Some sacred basic principles are forcefully restated by the Court of Appeals in an alimony case wherein it would seem from the opinion that a very undeserving husband very ill-advisedly sought payee imputation against his very deserving wife. Husband, an optometrist in business for himself, was claiming that she could earn as much as $13,000 per year, and when the trial court did not use that number in its alimony calculation, he had appealed. The Court of Appeals goes immediately to such facts as husband having deserted the marriage of 22 years, the wife’s congenital heart condition, her high school education, and the fact that she had not worked – outside the home – during the entire marriage.

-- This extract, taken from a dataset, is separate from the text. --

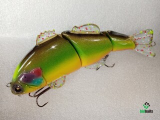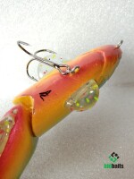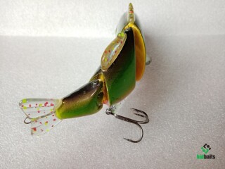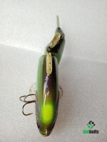 Свимбэйт из дерева,плавающий,с активной игрой.Вес 120гр,длина 180мм.Трёх-составной.

(Her heart conditions included dilated cardiomyopathy , left ventricular dysfunction, chronic diastolic function, and ventricular tachycardia.) She’s had four pacemakers implanted, is not computer literate, and has had no vocational training. There was also the usual evidence that husband and wife had agreed at the beginning that she would be a stay-at-home mother as her full time job. And husband argued that this failure to impute was error as a matter of law. The husband’s evidence showed that she could work for an average of $6.00 to $8.00 per hour. The Court said a few laudable things here:
“Underlying husband’s argument is the presupposition that, absent exceptional circumstances, every stay-at-home spouse seeking spousal support must start work outside the home immediately upon the entry of the divorce decree if he or she has any provable income earning capacity. We find no basis for such an inflexible principle in our statutes or case law.”
Then there was a great deal of instructive law laid down, and particularly:
“He cites Srinivasan v. Srinivasan, 10 Va. App. 728, 734, 396 S.E.2d 675, 679 (1990), for the proposition that a spouse has a presumptive duty to go to work following a divorce if he or she had provable earning capacity. ... Neither Srinivasan nor any other Virginia case has held that, for purposes of calculating spousal support, a stay-at-home spouse capable of working must go to work immediately after the divorce trial or face ... imputation of income.”

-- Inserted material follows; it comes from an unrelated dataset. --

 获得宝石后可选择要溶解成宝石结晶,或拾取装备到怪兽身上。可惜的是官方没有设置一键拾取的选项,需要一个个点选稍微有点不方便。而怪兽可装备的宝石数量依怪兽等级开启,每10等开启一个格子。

Rather, the Court explains, the Virginia cases which did impute income all involved wives who had worked during the marriage, but at some time after separation either took a job below their earning capacity or stopped working altogether. The trial court here gets some high marks for carefully limiting and carefully phrasing its no-imputation ruling. By saying it wouldn’t impute “at this time,” the court below, it is said, left open the possibility of recalculating support should conditions later change. The trial court and the appellate court didn’t much like husband’s further argument that the judge erred by accepting expert testimony as to husband’s earning capacity. It refused to recognize some business expenses he claimed as a reduction of his professional earnings. These were gifts given to his two children in the form of payments from the Subchapter S Corporation, which were characterized as the children’s “wages.” There was, however, no evidence that the kids were bona fide employees, or that they did anything to earn these wages. The trial judge did not have to accept that. The Court of Appeals was careful in its fee award, giving wife an award on this latter business-expense issue, as it was considered wholly meritless, but denying appellate attorneys’ fees on the imputation issue. 23 VLW 435 (9/16/08).